Task brief: Nothing but the lines below from the one containing "I'm single, you're" through the one containing "Filme de acţiune, animaţie, actiune" should appear in the answer, exact and without pictures.

Exercise data:

▶

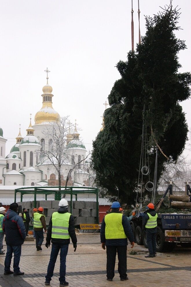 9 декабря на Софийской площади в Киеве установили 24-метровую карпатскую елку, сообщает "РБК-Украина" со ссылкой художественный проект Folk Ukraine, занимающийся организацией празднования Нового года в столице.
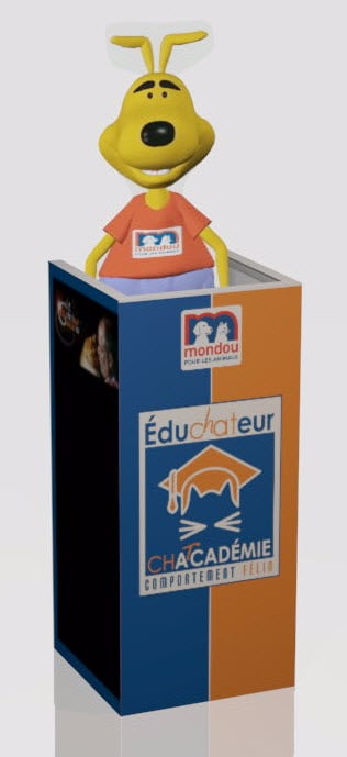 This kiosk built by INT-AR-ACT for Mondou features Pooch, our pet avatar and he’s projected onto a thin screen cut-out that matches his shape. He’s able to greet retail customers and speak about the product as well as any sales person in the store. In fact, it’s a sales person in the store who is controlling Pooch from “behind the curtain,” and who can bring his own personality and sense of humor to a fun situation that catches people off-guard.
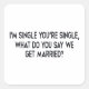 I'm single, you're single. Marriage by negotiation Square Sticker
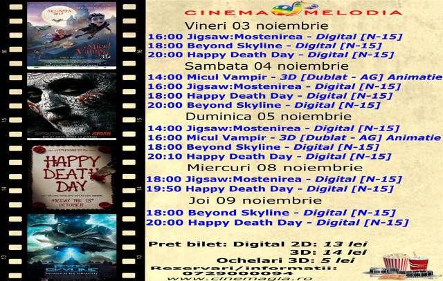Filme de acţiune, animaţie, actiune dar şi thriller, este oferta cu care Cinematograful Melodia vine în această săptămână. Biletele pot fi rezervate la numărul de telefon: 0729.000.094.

◀
▶

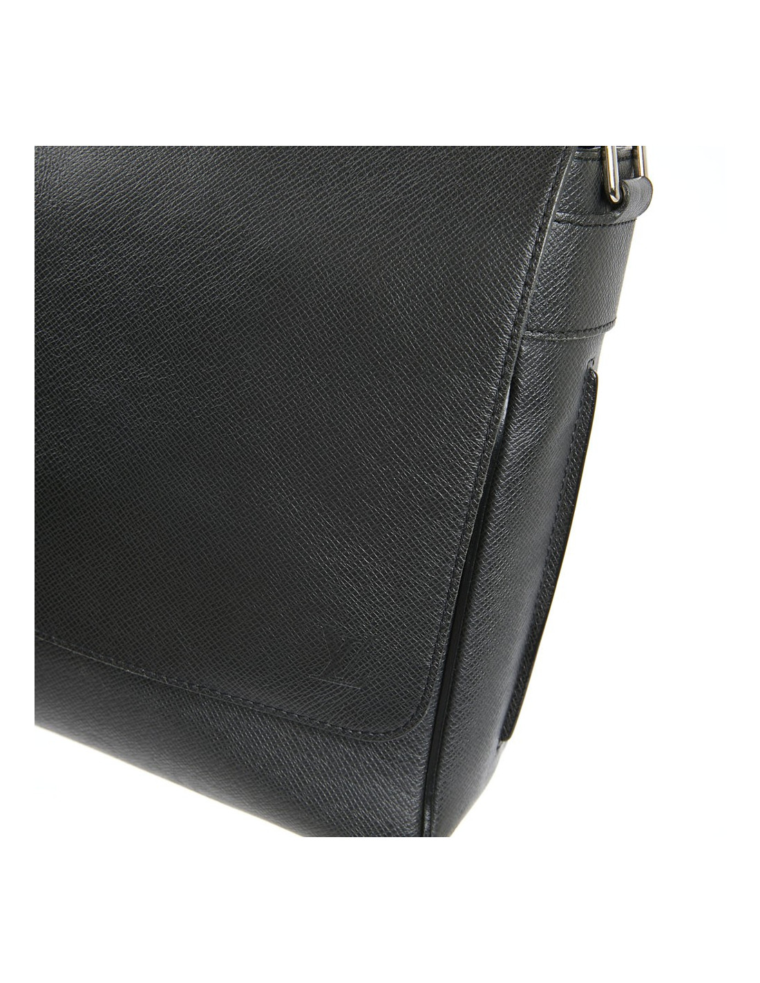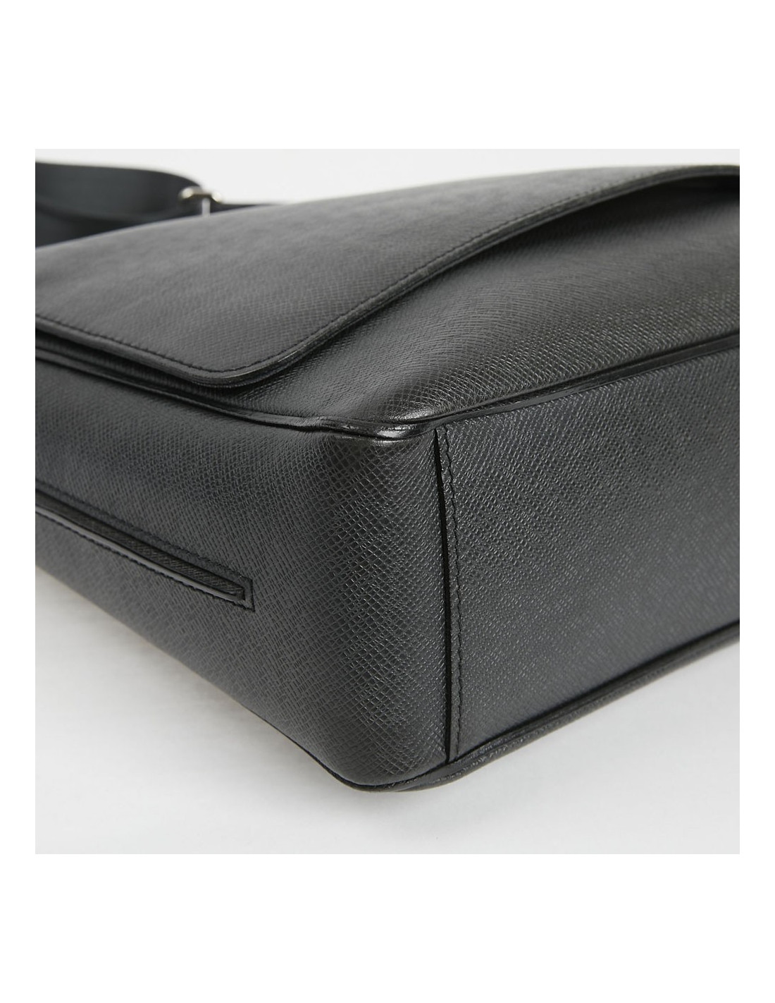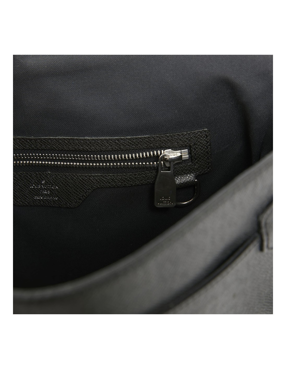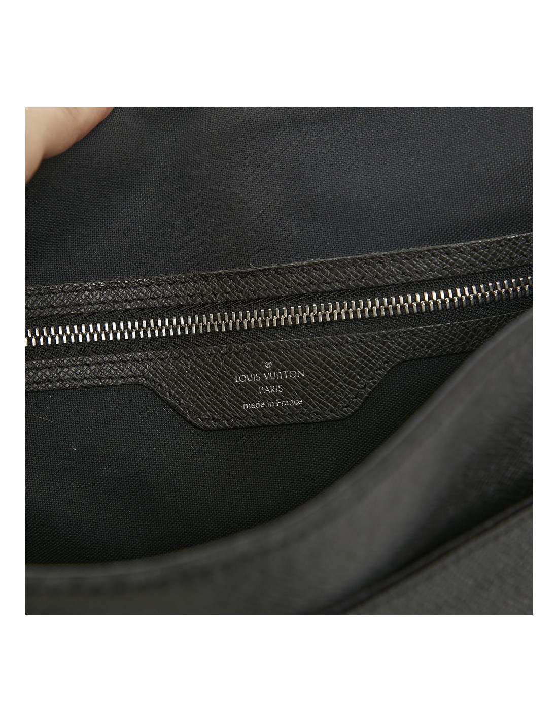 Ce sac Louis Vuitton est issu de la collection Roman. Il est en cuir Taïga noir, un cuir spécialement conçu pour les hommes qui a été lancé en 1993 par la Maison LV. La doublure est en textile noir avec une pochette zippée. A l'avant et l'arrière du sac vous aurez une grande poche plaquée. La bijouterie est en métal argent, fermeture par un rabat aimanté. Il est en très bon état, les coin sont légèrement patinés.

◀

Exercise result:
 I'm single, you're single. Marriage by negotiation Square Sticker
Filme de acţiune, animaţie, actiune dar şi thriller, este oferta cu care Cinematograful Melodia vine în această săptămână. Biletele pot fi rezervate la numărul de telefon: 0729.000.094.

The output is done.